I think so as well. I was with E*Trade since they first came to Canada. For a bit, they even allowed the sale of F class mutual funds (I still have one).....that is, until they were 'forced' by who knows in the industry to shut that down.


----------



## HaroldCrump (Jun 10, 2009)

humble_pie said:


> i have never understood why the big bank brokers don't go out hell-bent for the youth/novice investor market. Offer em zero-commish-to-buy ETFs.


I believe the big banks didn't want to be bothered with new/small investors.
I was surprised when Scotia iTrade _increased_ their highest commission tier from $19.99 to $24.95 about 2 years ago, approx. 3 years after acquiring E-Trade.
Prior to that, E-Trade/iTrade had the most competitive pricing for small accounts among the big 5 bank brokerages.

At this time, I believe TDDI and iTrade are the most uncompetitive for small accounts.
TDDI is at $29.99 and iTrade at $24.95


----------



## CanadianCapitalist (Mar 31, 2009)

AltaRed said:


> I think so as well. I was with E*Trade since they first came to Canada. For a bit, they even allowed the sale of F class mutual funds (I still have one).....that is, until they were 'forced' by who knows in the industry to shut that down.


I think you and hp are right. I had an account with E*Trade those days and I was paying $20 per trade and E*Trade had lower commish for frequent traders or certain account size.


----------



## humble_pie (Jun 7, 2009)

HaroldCrump said:


> I believe the big banks didn't want to be bothered with new/small investors.


i agree, the youth/new investor market would be high-maintenance, but that's exactly why i thought that smart marketing people would have to create coping mechanisms & teaching modalities. 

the idea is that, long-term, the young/new crowd are going to become their mainstream clients of tomorrow. So it's worth investing a few dollars to attract & serve em right now, i think.

the only other growth strategy the brokers have is to buy each other's clients with higher & higher cash or free trade bribes. Given how fickle online customers are, one could even say "rent" each other's clients.

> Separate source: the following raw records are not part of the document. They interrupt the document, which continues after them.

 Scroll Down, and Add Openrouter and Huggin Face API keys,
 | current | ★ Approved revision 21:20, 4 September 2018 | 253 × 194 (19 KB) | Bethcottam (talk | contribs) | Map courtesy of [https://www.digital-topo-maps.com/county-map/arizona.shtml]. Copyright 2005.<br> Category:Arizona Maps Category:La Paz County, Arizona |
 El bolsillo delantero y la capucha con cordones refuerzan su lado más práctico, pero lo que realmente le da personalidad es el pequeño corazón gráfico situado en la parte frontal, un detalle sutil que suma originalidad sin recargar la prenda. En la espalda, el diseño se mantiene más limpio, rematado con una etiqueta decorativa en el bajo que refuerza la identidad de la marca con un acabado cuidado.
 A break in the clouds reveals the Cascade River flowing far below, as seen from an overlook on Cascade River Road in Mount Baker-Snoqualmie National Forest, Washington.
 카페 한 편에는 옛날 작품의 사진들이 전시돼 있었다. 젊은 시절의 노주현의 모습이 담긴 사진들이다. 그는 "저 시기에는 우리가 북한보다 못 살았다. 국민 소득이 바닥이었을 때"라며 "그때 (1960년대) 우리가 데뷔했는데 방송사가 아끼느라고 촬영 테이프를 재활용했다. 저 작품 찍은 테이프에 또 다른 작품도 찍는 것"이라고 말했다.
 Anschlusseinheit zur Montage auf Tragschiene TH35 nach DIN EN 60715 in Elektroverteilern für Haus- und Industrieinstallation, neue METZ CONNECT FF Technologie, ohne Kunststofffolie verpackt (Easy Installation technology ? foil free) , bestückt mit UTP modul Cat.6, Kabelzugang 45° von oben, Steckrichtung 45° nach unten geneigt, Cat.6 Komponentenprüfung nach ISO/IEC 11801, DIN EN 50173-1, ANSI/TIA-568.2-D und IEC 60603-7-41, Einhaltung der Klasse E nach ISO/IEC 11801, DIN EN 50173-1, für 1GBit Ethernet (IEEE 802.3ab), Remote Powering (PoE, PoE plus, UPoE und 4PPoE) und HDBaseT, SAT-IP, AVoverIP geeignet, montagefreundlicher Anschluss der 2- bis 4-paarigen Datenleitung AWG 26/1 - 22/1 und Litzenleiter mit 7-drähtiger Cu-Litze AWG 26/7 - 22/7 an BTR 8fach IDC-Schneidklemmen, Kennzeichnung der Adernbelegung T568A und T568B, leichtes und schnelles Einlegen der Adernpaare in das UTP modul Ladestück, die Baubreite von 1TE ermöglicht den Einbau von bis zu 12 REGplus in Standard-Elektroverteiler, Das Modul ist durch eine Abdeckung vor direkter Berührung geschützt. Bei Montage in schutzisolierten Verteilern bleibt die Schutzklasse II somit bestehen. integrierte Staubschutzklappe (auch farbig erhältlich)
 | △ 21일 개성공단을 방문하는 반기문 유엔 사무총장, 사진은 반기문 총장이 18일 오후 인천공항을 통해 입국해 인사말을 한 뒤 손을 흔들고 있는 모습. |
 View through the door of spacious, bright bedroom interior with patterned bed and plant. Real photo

as for the coping mechanisms with young/new clients, dividing them into pods could help, for example. Like houses or clans in the private schools. Young people today seem to be more tribal than ever, so clustering them might make the business slightly more profitable for the big bank brokers.

pods could be mentored. Certain products - bmo could offer its large house suite of etfs at zero commish for example - could be featured; other products would be left at regular commish. 

HC look at all the talented young investors in cmf forum. They are/are going to be fabulous clients. There's no reason for their investing efforts to be handicapped by the big bank brokers; instead the BBBs should be competing to get their business.


----------



## HaroldCrump (Jun 10, 2009)

humble_pie said:


> i agree, the youth/new investor market would be high-maintenance, but that's exactly why i thought that smart marketing people would have to create coping mechanisms & teaching modalities.
> ...
> HC look at all the talented young investors in cmf forum. They are/are going to be fabulous clients.


Yup, I agree. The BBBs are missing a huge opportunity by being so short-sighted.
I opened my first DIY investing account with $2,000 at E-Trade.


----------



## humble_pie (Jun 7, 2009)

HaroldCrump said:


> I opened my first DIY investing account with $2,000 at E-Trade.


a discount broker marketing director's dream. All the little Harolds each:


----------



## the-royal-mail (Dec 11, 2009)

Interesting discussion between hp and HC. I agree hp is right though and perhaps RBC is the first to realize this?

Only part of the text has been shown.